## Provided material
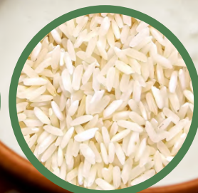
PARMAL STEAM RICE
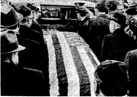
RUBY'S FUNERAL: Jack Ruby killed key assassination witness — Lee Oswald — but authorities let Ruby be buried in flag-draped coffin because of his Air Force service.

is possible to have the truth about the assassination printed.
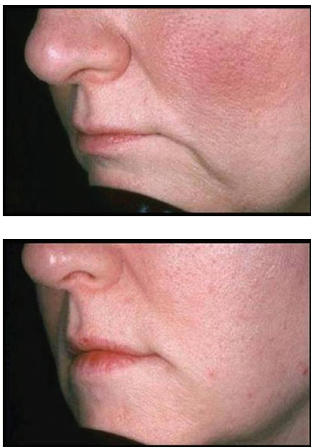
Figure 4 A clinical example of the use of Restylane® for nasolabial folds.

viscosity HA fillers. They were FDA approved in June, 2006 – Juvederm™ Ultra for deep wrinkles and defects, Juvederm™ Ultra Plus for deeper furrows, such as the nasolabial folds. The Juvederm™ family is produced from the bacterial fermentation of equine streptococci. The HA is cross-linked with a patented single-phase BDDE-phosphate buffered to 6.5–7.3 pH. With a higher concentration of HA and more cross-linking than other HA fillers, it is felt by some injectors that perhaps the Juvederm™ family of products may persist longer than other HA fillers and have a more smooth injection flow (Medical Insight Inc 2006), although clinical studies documenting these claims have not been performed in a head-to-head comparison against any of the other available HA fillers.
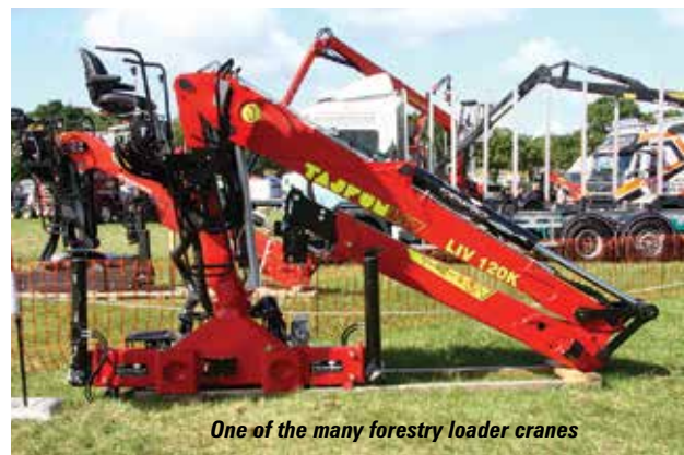
One of the many forestry loader cranes
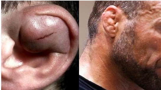
Ear before the clotting Ear after the clotting

Wearing headgears during practice will prevent this condition almost 100%. To treat it, go to an ear doctor and they will drain the blood from the ear to suppress the inflammation. Sometimes antibiotics are prescribed to prevent infections.
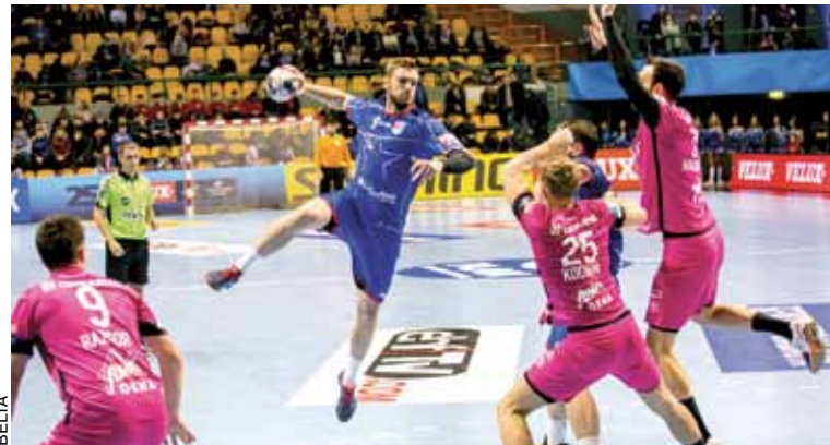
A moment of the match

In the second half, Brest Meshkov HC truly came into its own, repeatedly attacking its opponent’s goal, winning 29:24 by the final
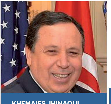
KHEMAIES JHINAOUI Minister of Foreign Affairs, Tunisia
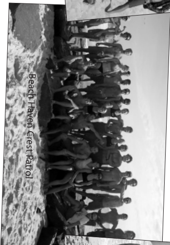
Beach Haven Crest Patrol
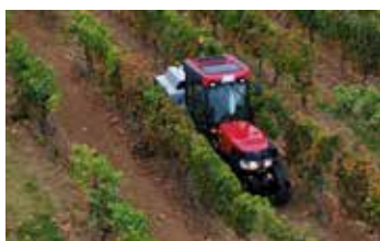
XPS VITICULTURE ORCHARDS
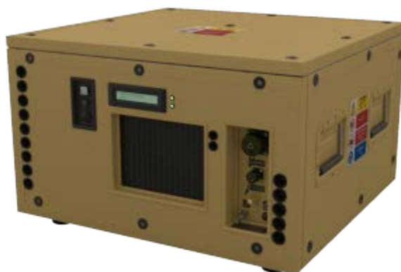
Figure 5 Nordic Power SOFC [15]

Nordic Power is developing a 1 kW, diesel-powered SOFC system designed for use as an APU in military vehicles [15]. At the time of writing, in early 2014, this is not a mature product. According to Nordic Power's website, demonstration units were expected to be shipped late 2012, however due to delays this did not occur [15]. At the time of writing the company would not give any indication when they would have a completed product. This is indicative of the state of the fuel cell APU market where many products are still in final stages of development and production delays are common.
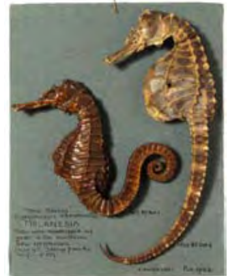
Vanuatu, ▶ Oceania Melanesia; 1923.87.340.1-2
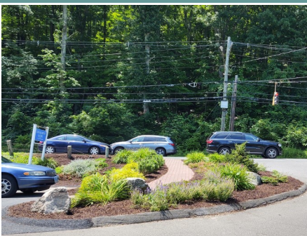
Front entryway ... done!
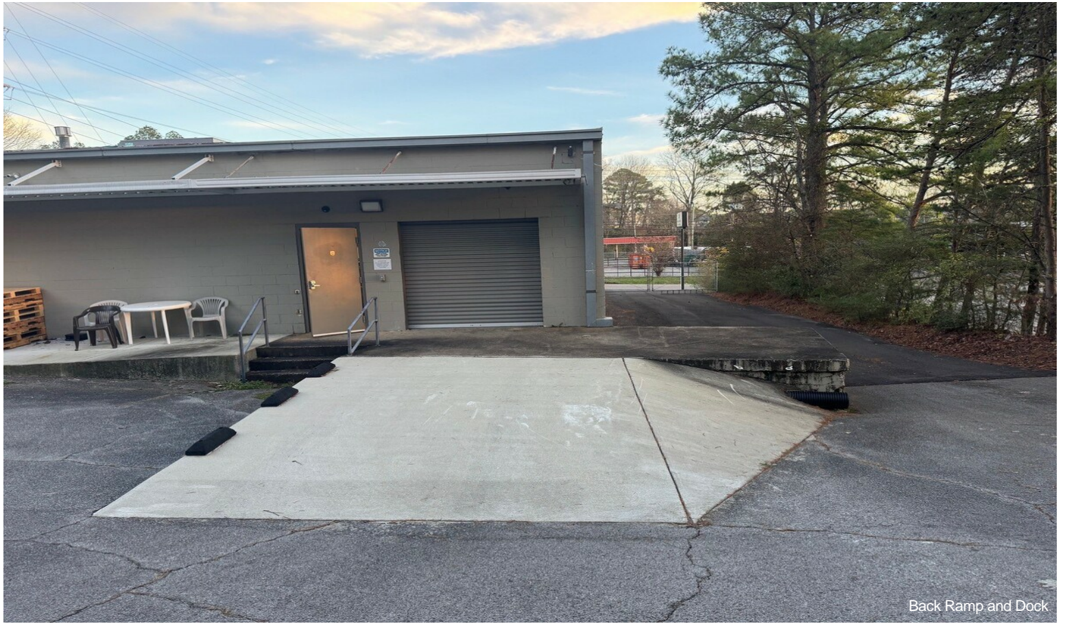
Back Ramp and Dock
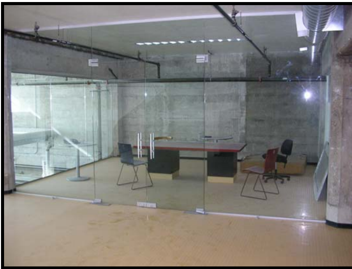
MEZZ OFFICE AREA
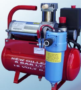
ELECOM12DCLT5VEF 38x30xh34 Kg.8 Special Filter
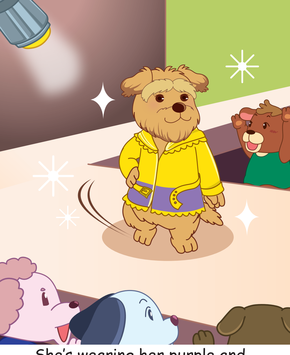
She's wearing her purple and yellow jacket.
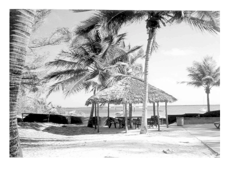
Due to the amount of sun that beats onto the AUTEC base, one of the primary concerns for the base was shading, which is provided by this gazebo.

AUTEC Recreation Association (ARA) solicited suggestions from the basewide population and the
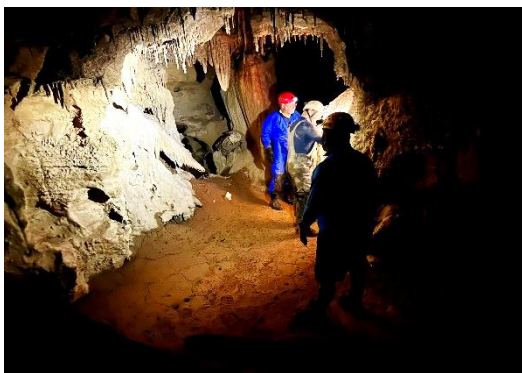
Virgin Shannon Co. cave
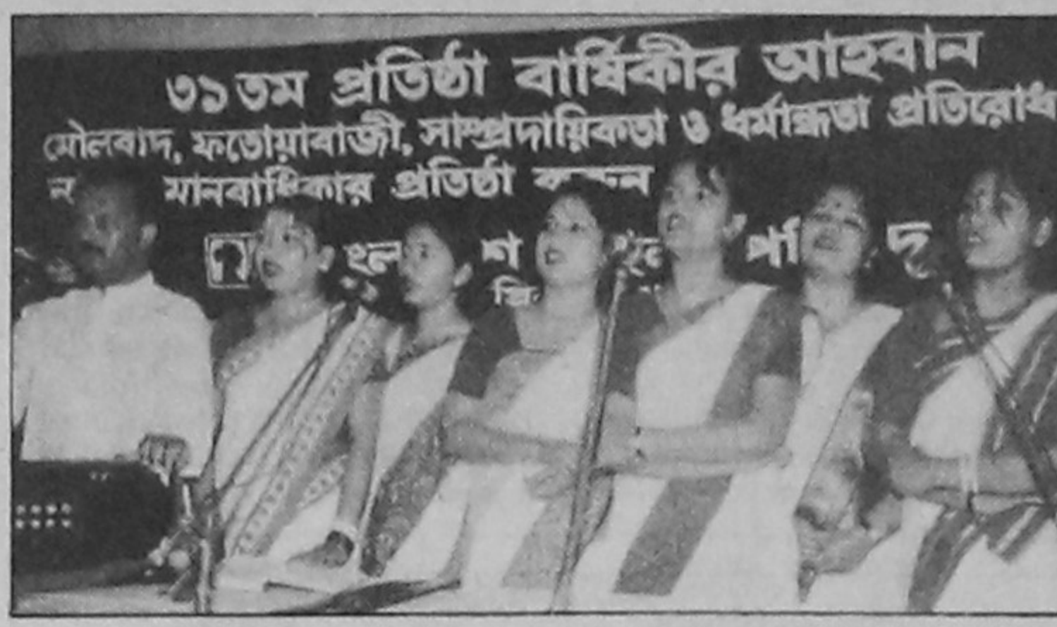
Artists presenting a chorus number at a cultural programme organised at the National Press Club yesterday to mark the 31 st founding anniversary of Bangladesh Mohila Parishad.

Candidates must bring all original certificates, marks certificates and the duplicate admit card of the admission test at the time of the interview, the release added.
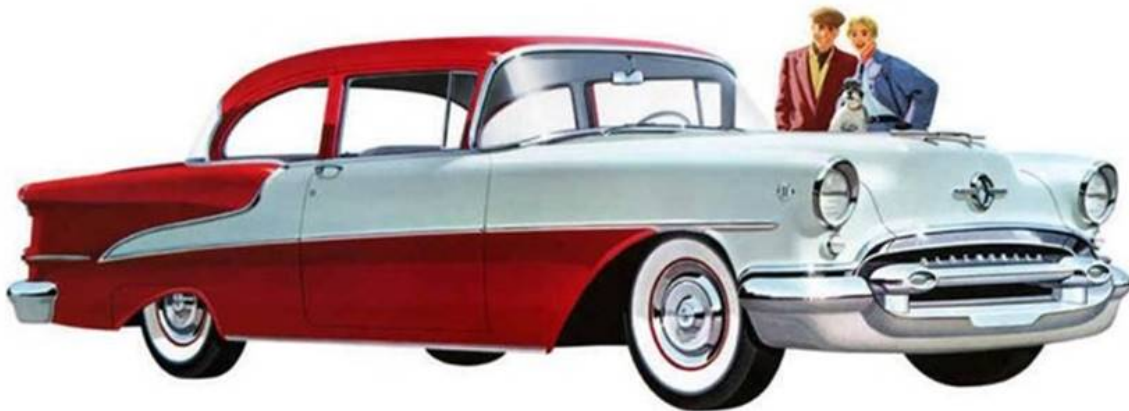
1955 Oldsmobile Super 88 Two-Door Sedan
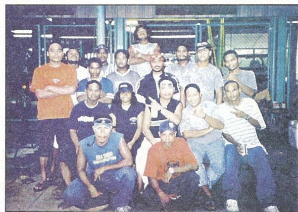
PCC's Automotive Mechanics Technology students pose for a photo during their end-of-semester barbeque held Friday May 9, 2003 at the PCC Automotive Mechanics Shop.
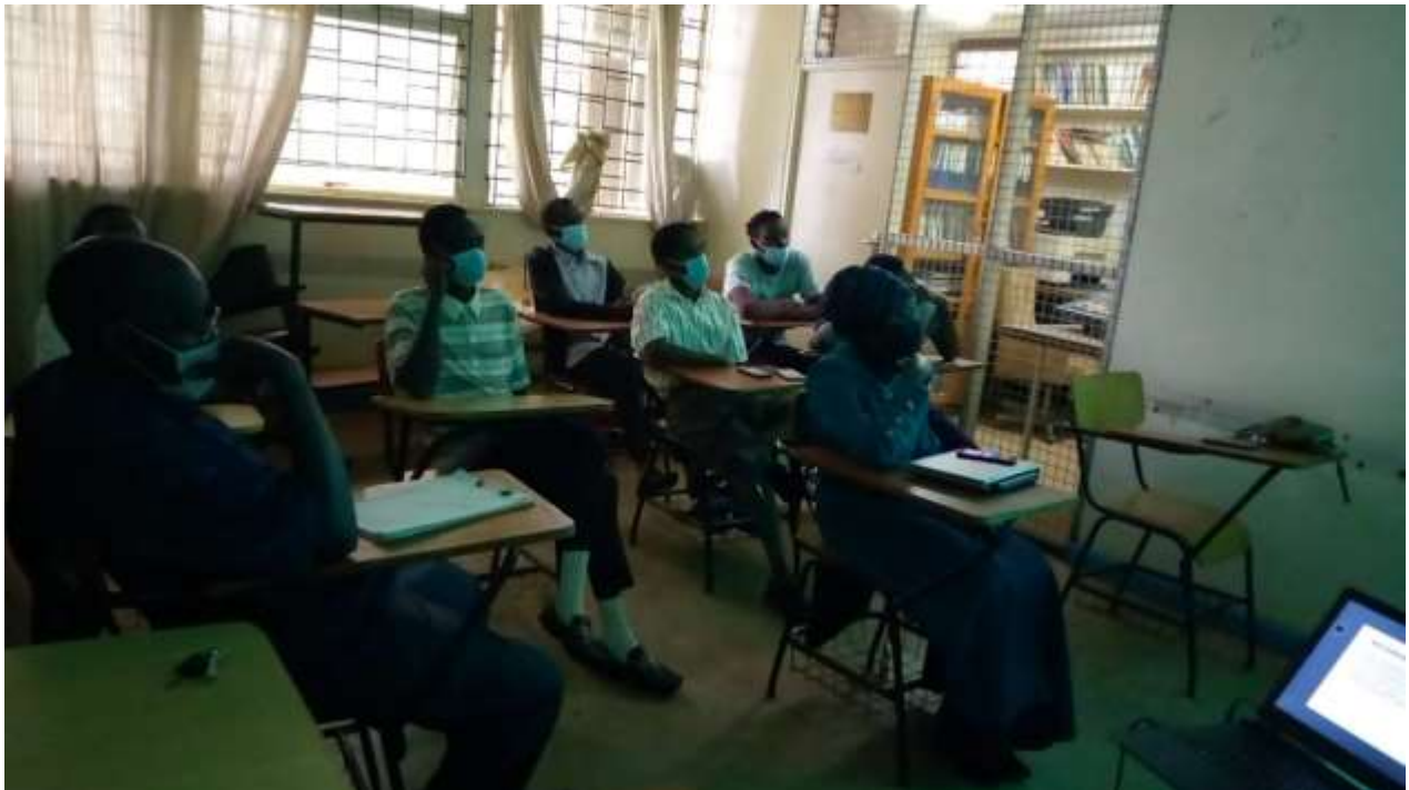
Group 2: Presentation – 5/3/2021
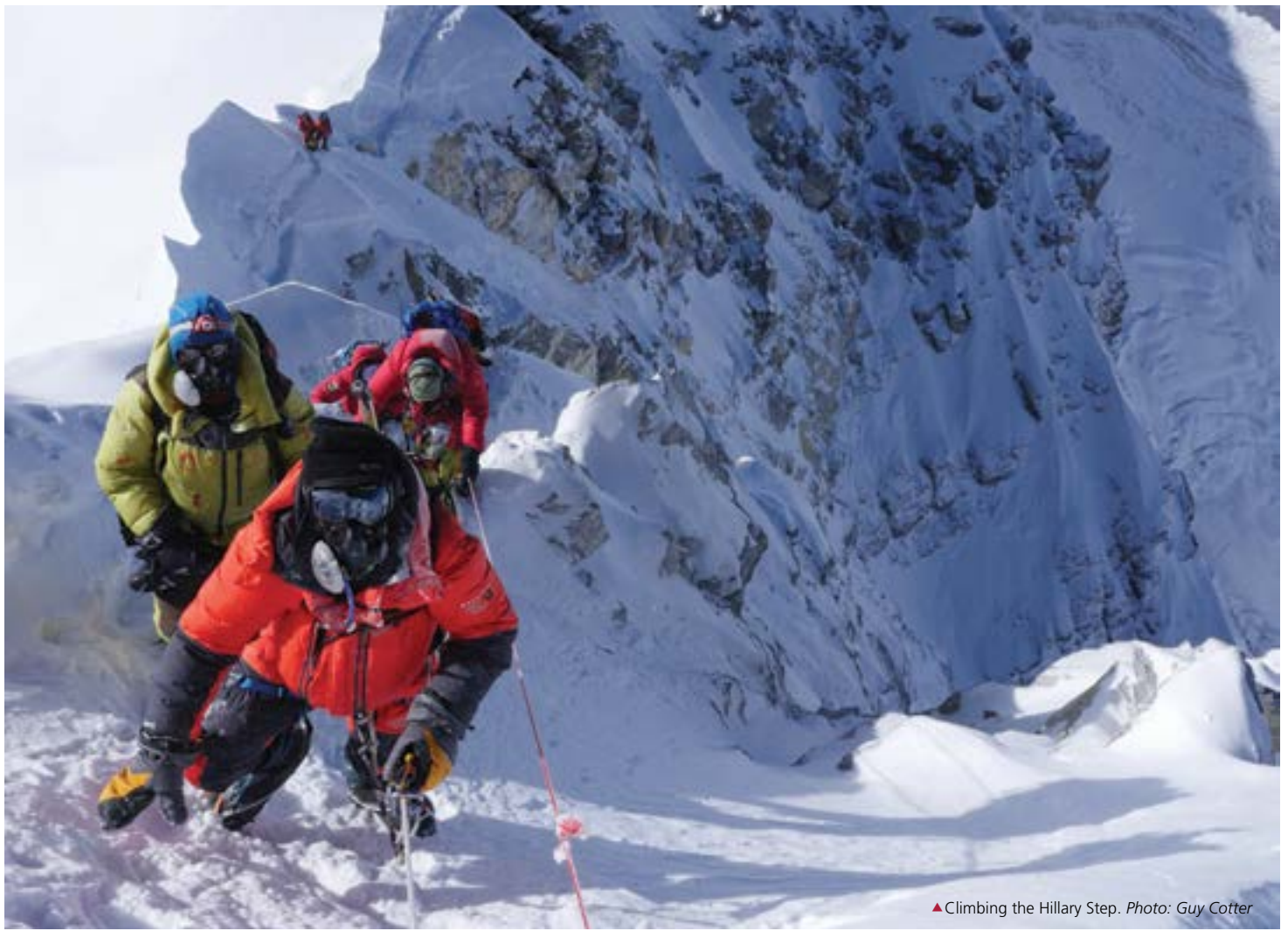
▲ Climbing the Hillary Step.

## Problem details
The task calls for all lines in the entries that hold "many".

## Your response
One of the many forestry loader cranes
Nordic Power is developing a 1 kW, diesel-powered SOFC system designed for use as an APU in military vehicles [15]. At the time of writing, in early 2014, this is not a mature product. According to Nordic Power's website, demonstration units were expected to be shipped late 2012, however due to delays this did not occur [15]. At the time of writing the company would not give any indication when they would have a completed product. This is indicative of the state of the fuel cell APU market where many products are still in final stages of development and production delays are common.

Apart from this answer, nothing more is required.